Your copy must hold all of the data below, unchanged and without images.

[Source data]
□ □ □ □ □

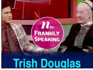
Interview with National television channel
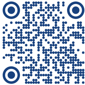
Po Valley Child Development Center
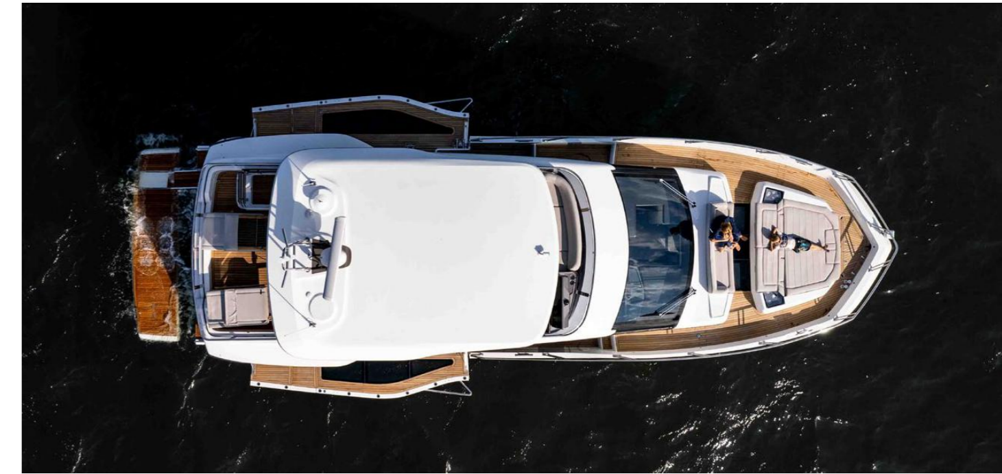
The carbon bimini is light and protects the top deck from the elements

Introducing the captivating new design of the 560 FLY
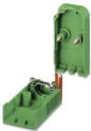
Cable housing, Pitch: 0 mm, Number of positions: 4, Dimension a: 32.28 mm, Color: green

Please be informed that the data shown in this PDF Document is generated from our Online Catalog. Please find the complete data in the user's documentation. Our General Terms of Use for Downloads are valid ( http://phoenixcontact.com/download )
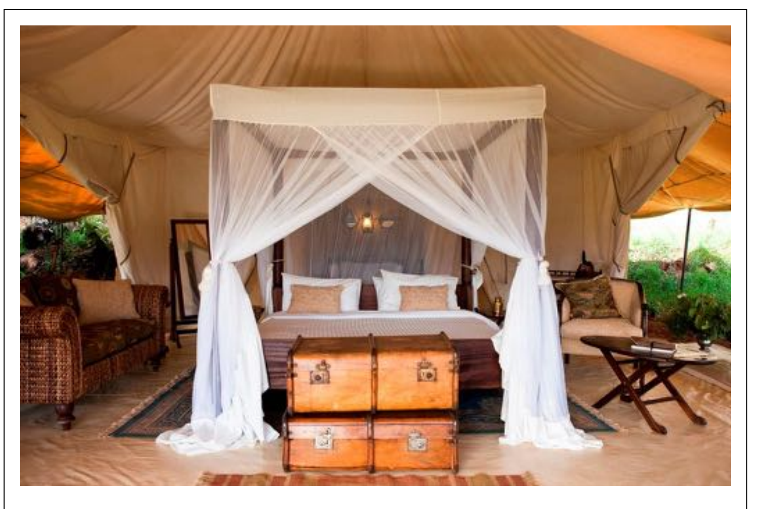
Day 10 - Sands At Nomad Diani Beach

Today you will be transferred to the airstrip in time for you flight to the coast - on arrival you will be met by Sands at Nomad and transferred to the lodge for 4 nights on a full board basis .
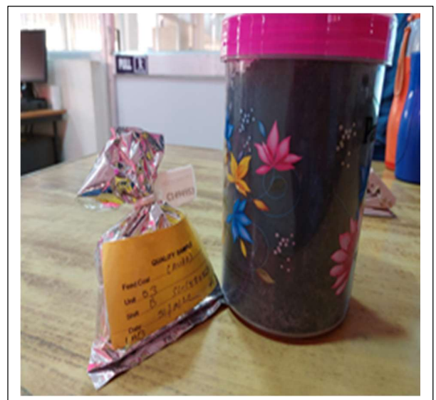
Use of aluminium foil pouch in coal sampling
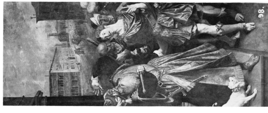
8. Diocletian Condemning St Sebastian, by A. Francken. Panel, 283 by 112 cm. (Koninklijk Museum voor Schone Kunsten, Antwerp).
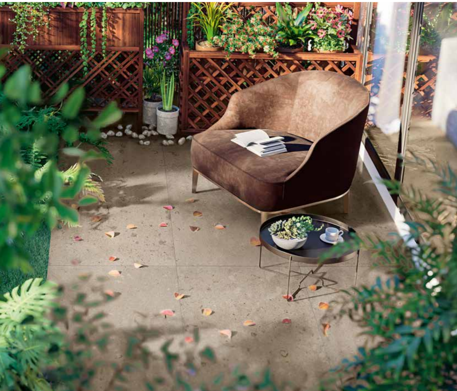
FLOOR OUT: LITH_ANTIQUÉ CREAM_24"x48" _2 CM
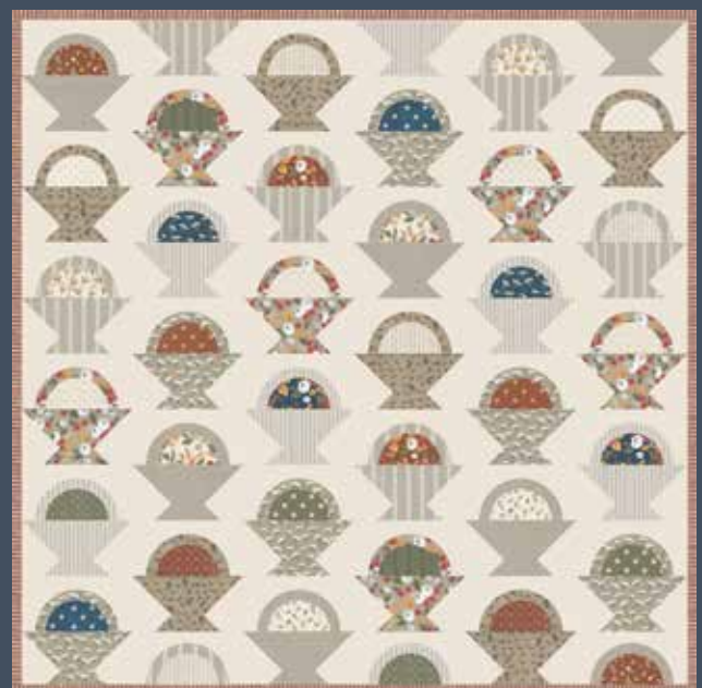
LB 207 Gather Cream 72" x 72" LC Friendly *Navy option available
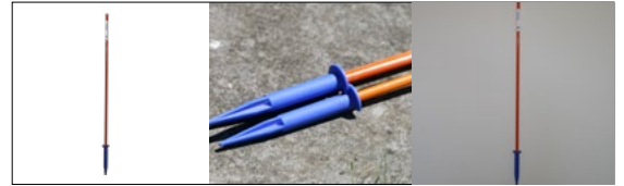
NON-CONDUCTIVE LINE MARKERS 600MM, 750MM, 900MM LINE MARKERS (600MM 102545, 750MM 102456, 900MM 102547)
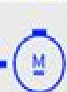
DC Compound Excitation Motor
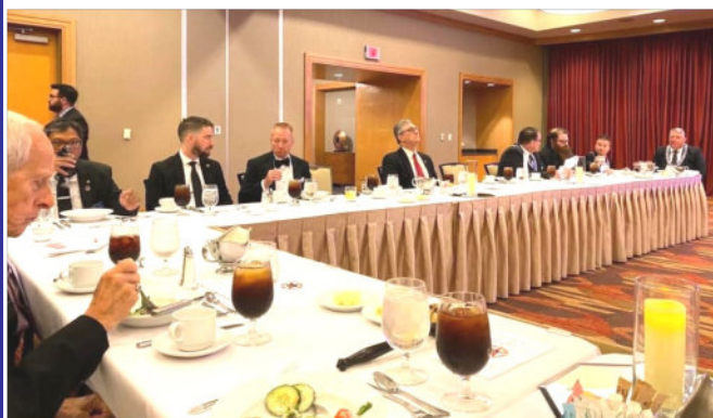
The Brethren of Gray Lodge and some of our Visitors
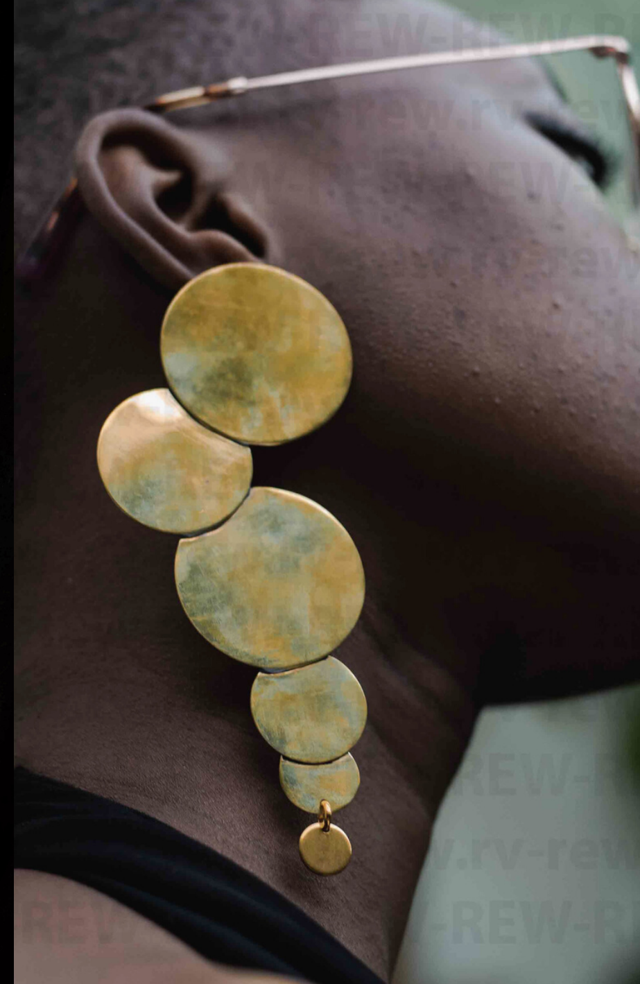
Handmade brass earrings
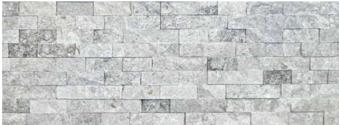
TUNDRA GREY Marble
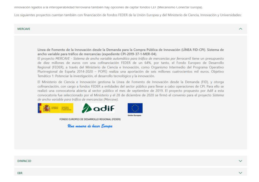
Specific page on European R&D&I funding

An informative sign displaying FEDER co-financing has been installed in Cordoba, specifically at the location of the gauge changer.
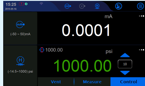
High Pressure Automated Calibration
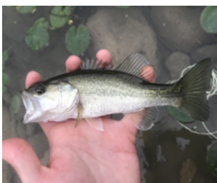
11. Micropterus salmoides , *shigan Largemouth Bass: Olive-green to gray fish with a series of dark blotches forming a jagged horizontal stripe along each side.
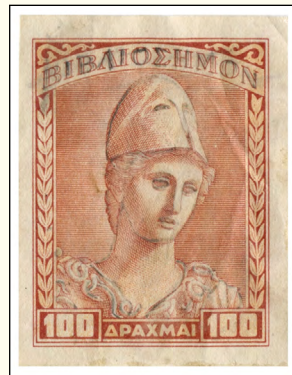
Athena School Book Revenue 1946
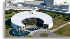
BMW (5.5 MILES)
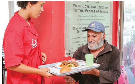
A client being served at one of several Meir Panim locations.

Meir Panim - based in Israel, their mission is to alleviate and diminish the harmful effects of poverty on thousands of families across Israel by supporting a range of food and social service programs aimed at helping the needy with dignity and respect, including free restaurants, meals-on-wheels, school lunch programs, prepaid food card distribution, vocational training and after-school youth clubs. For more information on this organization, please visit www.meir-panim.org
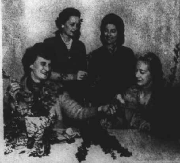
The non-competitive division consists of herbs, dried materials or any other exhibit of interest to garden clubs and non-members.

MURPHY POWER BOARD BUILDING (Thursday, April 19) 12:30 to 5:00 p.m.
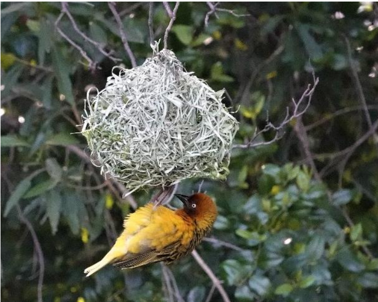
Cape Weaver – Kaapse Wewer [Reinier Meyjes]
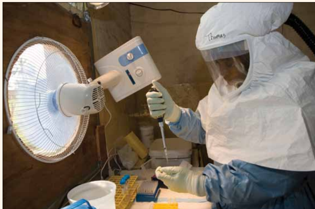
A laboratory worker in the Democratic Republic of Congo does a test using a micropipette. Quick on-site laboratory diagnosis enable the World Health Organization response team to precisely diagnose new suspected Ebola patients within two to six hours.

In dentistry, we are constantly exposed to these emerging and re-emerging infectious threats and we cannot afford to let our guard down. Vigilance, awareness and good clinical practice with standard infection control at all times are fundamental to prevention, as yet-unimagined new diseases surely lie in wait. Although we have made spectacular technical and scientific advances since the release of the original IOM report some two decades ago, it appears that humans are still defenceless in the face of the relentless march of our microbe foes. drug-resistant tuberculosis. D1
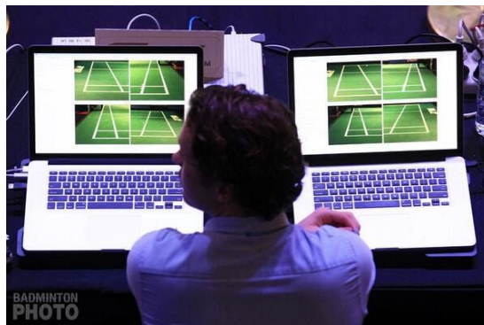
Figure 2: Need a person in charge of hawkeye outcome

During the product design process, we take inspiration from the current network product by combining the touch sensor and magnet technology. Then we start to design the device small, easy to install, and suitable with the court environment. In addition, we also consider technological and economic criteria such as reliability, the working concept, the esthetic value, and the health of the product is the most essential. The reason we have developed this product with simplicity and the friendly user is that we want to increase the quality of play with high standard decision making. It also builds for training or observation purposes. This product can also be used for exhibitions and competitions.

□ □ □ □ □

### ANSWER FOR THE TASK
Interview with National television channel
Po Valley Child Development Center
The carbon bimini is light and protects the top deck from the elements

Introducing the captivating new design of the 560 FLY
Cable housing, Pitch: 0 mm, Number of positions: 4, Dimension a: 32.28 mm, Color: green

Please be informed that the data shown in this PDF Document is generated from our Online Catalog. Please find the complete data in the user's documentation. Our General Terms of Use for Downloads are valid ( http://phoenixcontact.com/download )
Day 10 - Sands At Nomad Diani Beach

Today you will be transferred to the airstrip in time for you flight to the coast - on arrival you will be met by Sands at Nomad and transferred to the lodge for 4 nights on a full board basis .
Use of aluminium foil pouch in coal sampling
8. Diocletian Condemning St Sebastian, by A. Francken. Panel, 283 by 112 cm. (Koninklijk Museum voor Schone Kunsten, Antwerp).
FLOOR OUT: LITH_ANTIQUÉ CREAM_24"x48" _2 CM
LB 207 Gather Cream 72" x 72" LC Friendly *Navy option available
NON-CONDUCTIVE LINE MARKERS 600MM, 750MM, 900MM LINE MARKERS (600MM 102545, 750MM 102456, 900MM 102547)
DC Compound Excitation Motor
The Brethren of Gray Lodge and some of our Visitors
Handmade brass earrings
TUNDRA GREY Marble
Specific page on European R&D&I funding

An informative sign displaying FEDER co-financing has been installed in Cordoba, specifically at the location of the gauge changer.
High Pressure Automated Calibration
11. Micropterus salmoides , *shigan Largemouth Bass: Olive-green to gray fish with a series of dark blotches forming a jagged horizontal stripe along each side.
Athena School Book Revenue 1946
BMW (5.5 MILES)
A client being served at one of several Meir Panim locations.

Meir Panim - based in Israel, their mission is to alleviate and diminish the harmful effects of poverty on thousands of families across Israel by supporting a range of food and social service programs aimed at helping the needy with dignity and respect, including free restaurants, meals-on-wheels, school lunch programs, prepaid food card distribution, vocational training and after-school youth clubs. For more information on this organization, please visit www.meir-panim.org
The non-competitive division consists of herbs, dried materials or any other exhibit of interest to garden clubs and non-members.

MURPHY POWER BOARD BUILDING (Thursday, April 19) 12:30 to 5:00 p.m.
Cape Weaver – Kaapse Wewer [Reinier Meyjes]
A laboratory worker in the Democratic Republic of Congo does a test using a micropipette. Quick on-site laboratory diagnosis enable the World Health Organization response team to precisely diagnose new suspected Ebola patients within two to six hours.

In dentistry, we are constantly exposed to these emerging and re-emerging infectious threats and we cannot afford to let our guard down. Vigilance, awareness and good clinical practice with standard infection control at all times are fundamental to prevention, as yet-unimagined new diseases surely lie in wait. Although we have made spectacular technical and scientific advances since the release of the original IOM report some two decades ago, it appears that humans are still defenceless in the face of the relentless march of our microbe foes. drug-resistant tuberculosis. D1
Figure 2: Need a person in charge of hawkeye outcome

During the product design process, we take inspiration from the current network product by combining the touch sensor and magnet technology. Then we start to design the device small, easy to install, and suitable with the court environment. In addition, we also consider technological and economic criteria such as reliability, the working concept, the esthetic value, and the health of the product is the most essential. The reason we have developed this product with simplicity and the friendly user is that we want to increase the quality of play with high standard decision making. It also builds for training or observation purposes. This product can also be used for exhibitions and competitions.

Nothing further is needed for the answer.